第146話 タンクと印籠

 給水塔のバーに入ると、まず目についたのは部屋にひしめく大量の黒コートたちだった。皆同じ金属製の黒いマスクを付けているので見分けがつきにくい。

 そっこらじゅうを引っ掻き回して何かを探している。

 マスターのお姉さんがそれを見ながら渋い顔で腕を組んでいる。

 中央に一つだけデンと置かれた重厚な丸テーブルには、四つ分の席があり、モデルたちを後ろに控えさせたのじゃ姫と、一度だけ画面越しに見た事のあるカウボーイハットの爺が既に席についている。この爺は確か炭田の経営責任者だったな。

 椅子はもう一つ開いていて、四方の一つには高さ二メートルくらいある金属製の円筒型水槽が設置されていた。

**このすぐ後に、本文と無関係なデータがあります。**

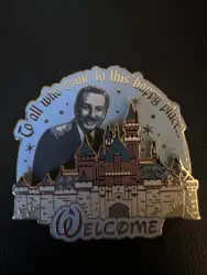 To All Who Come To This Happy Place... Welcome - Walt and Sleeping Beauty Castle is a Limited Edition (LE) 500 pin. It was originally released in January, 2009 and was available from Disneyland Resort .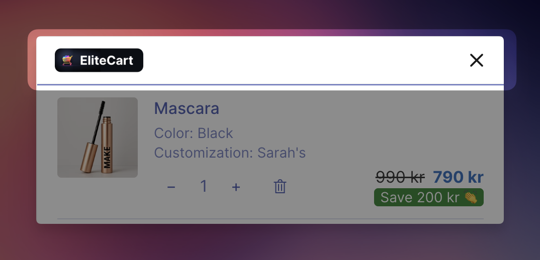Replace the default EliteCart header (which shows the title "Cart" and a close button) with a custom header that displays your store's logo. This gives the cart drawer a more branded, premium feel that matches the rest of your storefront.

 爺の耳元でこそこそ話していたカンガルーが俺に気付いて近づいてくる。


「空いている席に座れ。家宅捜索が済んだら始まる」


 ゴンゴンと水槽が内側から叩かれ、結構響く大きな音だったのでびっくりした。

 水槽の隣に控えていた髭のナイスミドルが口を開く。

 ごっついキッチンワゴンの上に手術用具の見本市を開催している。

 なんだこいつ?何しに来たんだ?

 三人で俺を食べるとかじゃないよな?


「代行は不服に感じておいでです。只今の言葉は訂正されることをお勧めします」


「事実を言ったまでだ」


 椅子を引いて水槽の真向いに俺を座らせたカンガルーはこれ見よがしに俺の両肩に手を置く。水槽の暴れる音が酷くなった。ミシミシいってるが、壊れないのか?

 代行?誰だろう?例の金持大好きな三男なのか?


”ガードは全開にしておけ。表面三センチまで許可する。空気以外何にも触れるな”


 カンガルーから電磁波通信だ。


”了解”


 ガード範囲を拡大すると、ロリの肩がピクッと動いた。

 特に何も言われなかった。


 金属水槽の大きさは丁度貝塚の持ってる棺桶くらい、覗き窓が付いているが中は真っ暗で見えない。響き具合から、中は液体で満たされていると思う。二輪の台車で運ばれてきたようで、ワックスの効いた綺麗な床に真っ黒なタイヤの溶跡が入口から続いていた。

 掃除が面倒そうだな。

 この嫌がらせみたいに店中ひっくり返してるのに比べたら大したことないか。

 マスターの顔を見ると、口の端で苦笑いして軽く鼻を上げた。

 指した先を見ると、ロリ姫が全開でサーチをかけている。

 無表情で眼球が小刻みに動いててキモい。

 ちょこんと腰掛けているが、椅子が合ってない。足は床に届かず、テーブルの上に頭しか出ていない。子供用の椅子は・・・、ここには無いよな。そんなの。

 姿勢が無駄に良い。

 姿勢が良いだけで美人度三割増しと昔から言われるが、ロリエルフだと違和感が凄い。

 水着にパーカーではなく、いつの間にか軍服に着替えていた。

 着替えるの早過ぎ。別人か?な訳ないよな。


「もぅ無いの。これで良いかの?」


 めっちゃ堂々とファージ誘導して各所に仕掛けられていたカメラやら盗聴器やらをバラバラとテーブルに落とす。やっぱナチュラリストは暗黙の了解でファージ使って良いのか。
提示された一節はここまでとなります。